You could simply use Bravo to time-stamp your document to obtain a new time-stamp certificate for it. Al­­though the new certificate would be completely invulnerable to attacks on SHA-1, it would also be completely useless as proof your document existed in 2002.Instead, you might use Bravo to time-stamp your Acme certificate, saving both the new Bravo certificate and the old Acme certificate along with your document, and have verifiers of your document’s integrity check both of the certificates.

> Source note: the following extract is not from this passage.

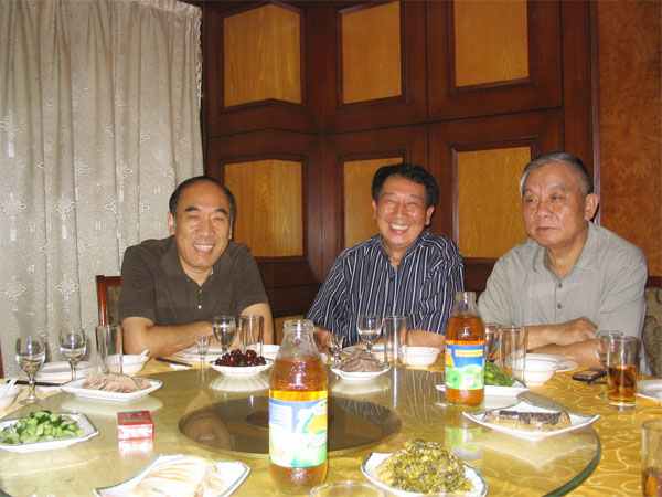 昨日傍晚我和珍妮一同赶往潇客下榻的宾馆,张处的夫人夏大姐早已在大厅担当接待迎宾,78岁的夏大姐风韵犹存精神矍铄,默默的为我们战友聚会作了很多的工作,张处有这样的贤内助真是让人感动。夏大姐告诉我们潇客的房号,我们直奔电梯,脚步没停稳,迎面撞见电梯里走出来林正教授,呵,一番大呼小喊后林正教授不无遗憾的说,因为时间重叠,今晚不能参加聚餐了,但他已经早早的来店和潇客一家开心的小聚了一会。林正匆匆告别, 遗憾,今晚聚会少了一帅哥!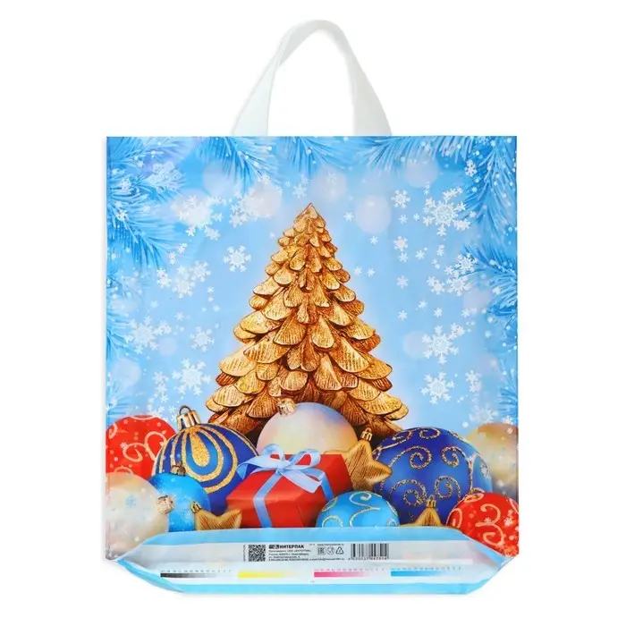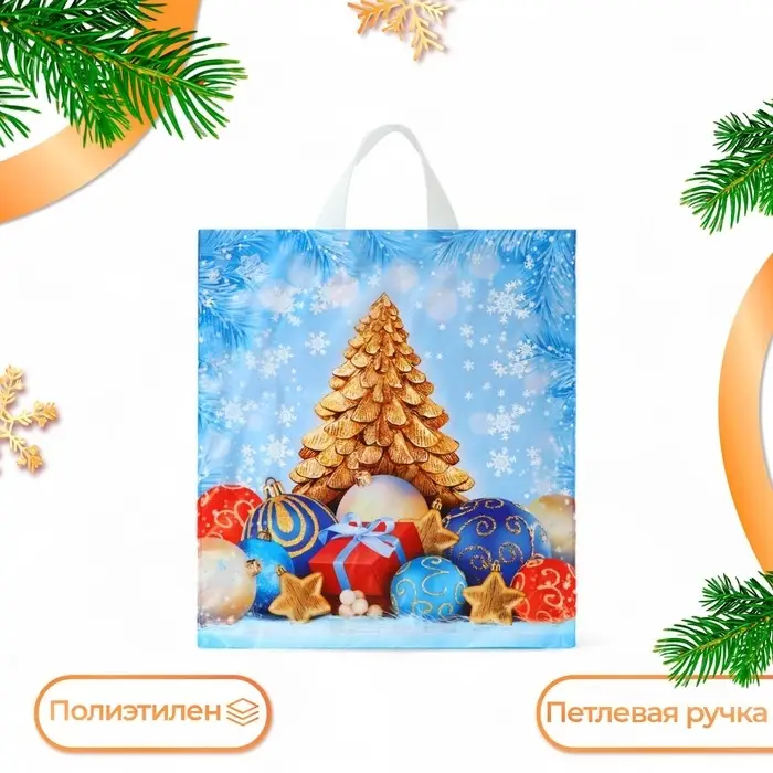 Пакет новогодний полиэтиленовый с петлевой ручкой размером — идеальный вариант для упаковки подарков и сувениров.

But this approach would still be vulnerable to the later existence of a devastating attack on SHA-1. Suppose it becomes possible later to find a document different from yours — maybe even one that looks the same as your document with a small incriminating change to one of the words — that has the same SHA-1 hash value as your document does. (This is not likely to happen any time soon, but it’s crucial to avoid as many conceivable failures as possible.) Because the only link between your document and its Acme time-stamp certificate is by way of its SHA-1 hash value, the combination of the two certificates would be no better at proving the 2002 date for your document than it would be for the newly computed colliding document.

The solution is to make a compound time-stamping request to Bravo, asking for a new time-stamp certificate for the combination of both your original document and its Acme certificate. This new certificate should be saved, of course, along with the document and the old certificate, and full verification of the integrity of your document requires, in turn, both systems’ verification procedures.

Why It Works

Suppose that a catastrophic attack on SHA-1 is indeed discovered and announced in 2010, and that in the meantime SHA-256 is still regarded as a secure one-way hash function.

The Bravo certificate provides evidence that both your document and its Acme certificate existed at a time, in spring 2007, when the Acme certificate was trustworthy. And by virtue of its trustworthiness in 2007, it would make sense in 2010 to trust the Acme certificate’s assertion that your document existed in December 2002. Thus, you have successfully “renewed” your document’s time-stamp certificate.Notice that the security offered by this renewal process depends on the arguably questionable assumption that SHA-1 was not compromised until a definite time after you applied Bravo’s time-stamping system, which uses SHA-256. In practice, this is not an unreasonable assumption.

Advances in cryptanalytic attacks on hash functions typically proceed incrementally, and well before a hash function is completely broken, fielded systems can swap in a new hash function. The computer security community is doing exactly this right now, following the recommendations of NIST.